• _TRY IT_: The expected response is the complete listing below, restated exactly, with its pictures omitted.

• _DATA BELOW_:
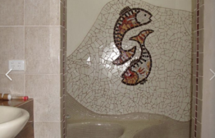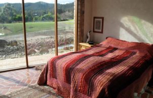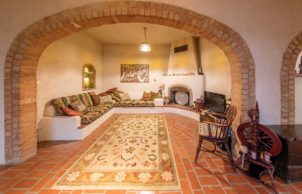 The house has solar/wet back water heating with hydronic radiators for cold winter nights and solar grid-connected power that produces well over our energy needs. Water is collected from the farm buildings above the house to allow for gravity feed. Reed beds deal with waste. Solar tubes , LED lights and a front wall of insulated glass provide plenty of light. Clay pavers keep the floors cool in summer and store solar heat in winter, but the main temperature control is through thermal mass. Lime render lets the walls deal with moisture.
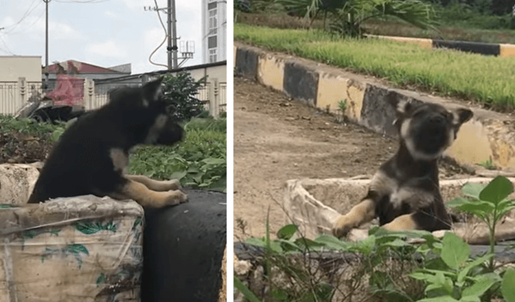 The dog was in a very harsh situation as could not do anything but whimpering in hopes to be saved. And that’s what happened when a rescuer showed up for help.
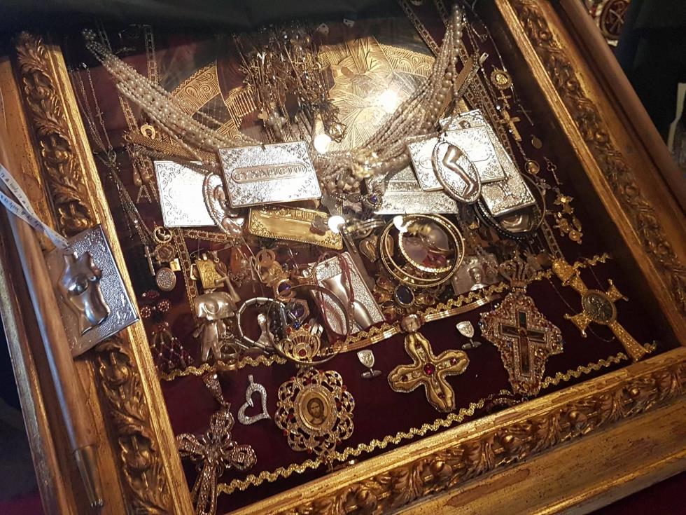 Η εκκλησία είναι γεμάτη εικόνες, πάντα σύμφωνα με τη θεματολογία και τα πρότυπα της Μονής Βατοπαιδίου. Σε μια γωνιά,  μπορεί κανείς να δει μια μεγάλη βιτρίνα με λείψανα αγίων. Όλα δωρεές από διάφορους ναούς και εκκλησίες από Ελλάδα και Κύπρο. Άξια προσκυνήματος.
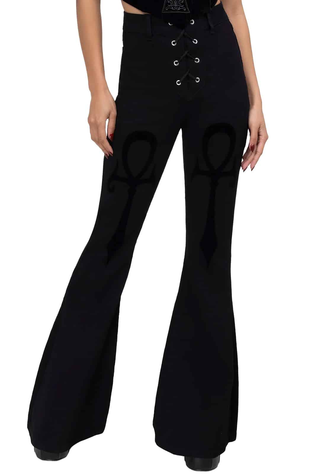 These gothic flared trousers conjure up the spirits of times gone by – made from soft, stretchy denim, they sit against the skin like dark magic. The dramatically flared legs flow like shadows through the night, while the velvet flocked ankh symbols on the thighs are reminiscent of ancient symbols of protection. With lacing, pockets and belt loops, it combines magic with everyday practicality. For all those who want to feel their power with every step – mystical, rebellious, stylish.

• _COMPLETED TASK_:
 The house has solar/wet back water heating with hydronic radiators for cold winter nights and solar grid-connected power that produces well over our energy needs. Water is collected from the farm buildings above the house to allow for gravity feed. Reed beds deal with waste. Solar tubes , LED lights and a front wall of insulated glass provide plenty of light. Clay pavers keep the floors cool in summer and store solar heat in winter, but the main temperature control is through thermal mass. Lime render lets the walls deal with moisture.
 The dog was in a very harsh situation as could not do anything but whimpering in hopes to be saved. And that’s what happened when a rescuer showed up for help.
 Η εκκλησία είναι γεμάτη εικόνες, πάντα σύμφωνα με τη θεματολογία και τα πρότυπα της Μονής Βατοπαιδίου. Σε μια γωνιά,  μπορεί κανείς να δει μια μεγάλη βιτρίνα με λείψανα αγίων. Όλα δωρεές από διάφορους ναούς και εκκλησίες από Ελλάδα και Κύπρο. Άξια προσκυνήματος.
 These gothic flared trousers conjure up the spirits of times gone by – made from soft, stretchy denim, they sit against the skin like dark magic. The dramatically flared legs flow like shadows through the night, while the velvet flocked ankh symbols on the thighs are reminiscent of ancient symbols of protection. With lacing, pockets and belt loops, it combines magic with everyday practicality. For all those who want to feel their power with every step – mystical, rebellious, stylish.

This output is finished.